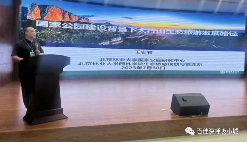 北京林业大学国家公园研究中心副主任王忠君阐述了“国家公园建设背景下太行山生态旅游发展路径”,认为在太行山作为国家公园候选区域,通过加快落实太自然保护地整合方案,推进国家公园体制实质性建设,形成由自然保护地向周边乡村、建制镇和城市延伸覆盖的城乡绿色基础设施网络,有助于太行山生态旅游的可持续发展。
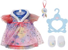 Облеклото е част от серията Baby Annabell, където може да намерите още интересни аксесоари за кукли. ... Децата ще се погрижат за своята кукла с роклята от Zapf Creation. Тя разполага с декоративни детайли от тюл, звезди и плюшената яка. Към роклята са включени чехли и капан за сънища. Облеклото е с размер 43 cm и е подходящо за кукли с височина 39 - 46 cm. Важно: Куклата, показана на допълнителните снимки, се предлага отделно. ... |
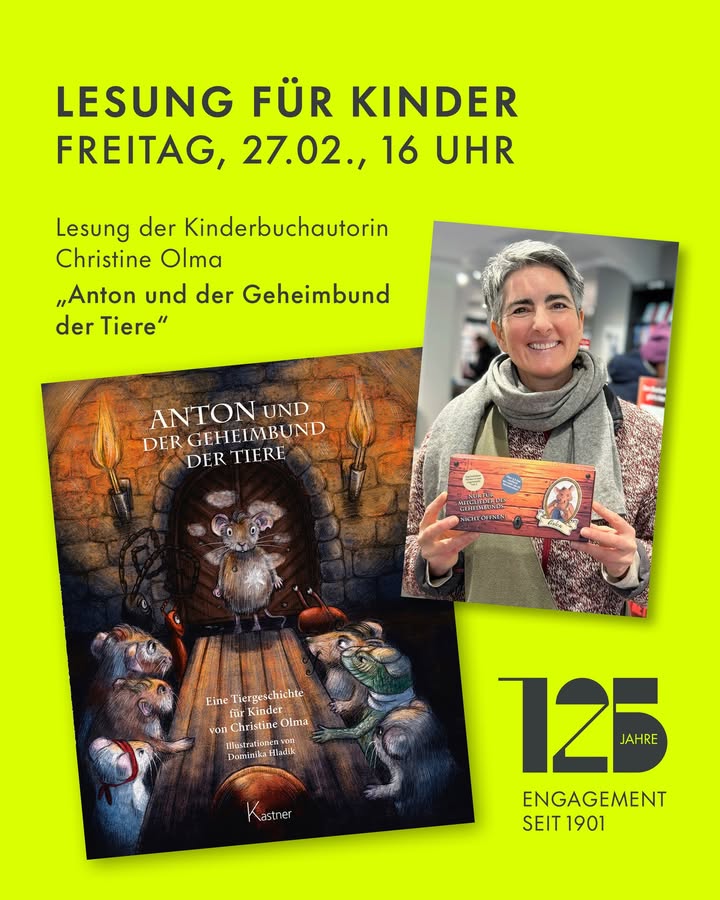Am Freitag, 27.02. ab 16 Uhr liest Kinderbuchautorin Christine Olma aus „ Anton und der Geheimbund der Tiere“ 🐾📘
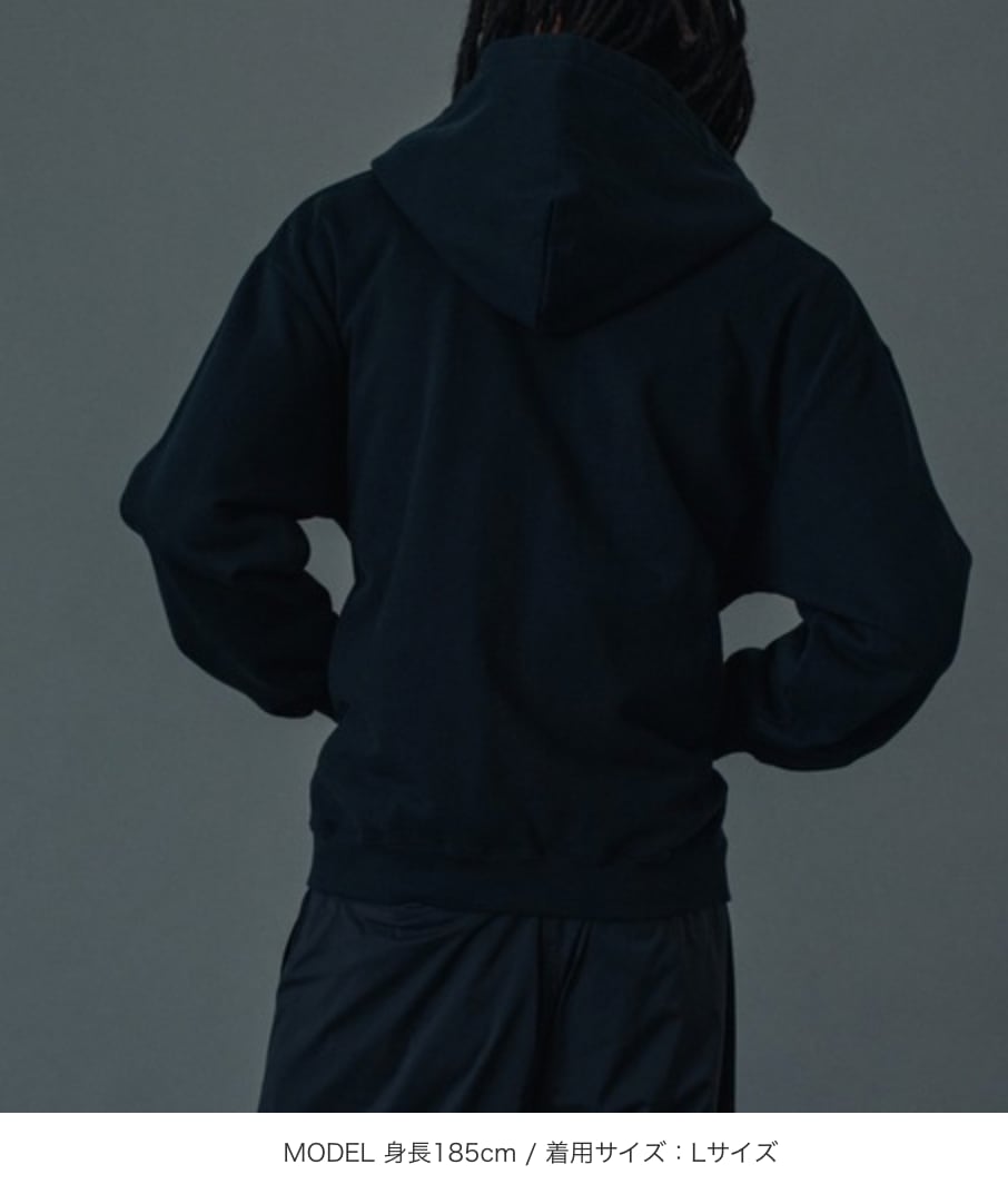 ・フロントのオリジナルロゴが目を惹くジップパーカー

= = = =

_Exercise instructions_.
Restate word for word the lines beginning with the one that contains "Облеклото е част" and ending with the last line of the listing; pictures stay out.

_Answer space_.
 Облеклото е част от серията Baby Annabell, където може да намерите още интересни аксесоари за кукли. ... Децата ще се погрижат за своята кукла с роклята от Zapf Creation. Тя разполага с декоративни детайли от тюл, звезди и плюшената яка. Към роклята са включени чехли и капан за сънища. Облеклото е с размер 43 cm и е подходящо за кукли с височина 39 - 46 cm. Важно: Куклата, показана на допълнителните снимки, се предлага отделно. ... |
Am Freitag, 27.02. ab 16 Uhr liest Kinderbuchautorin Christine Olma aus „ Anton und der Geheimbund der Tiere“ 🐾📘
 ・フロントのオリジナルロゴが目を惹くジップパーカー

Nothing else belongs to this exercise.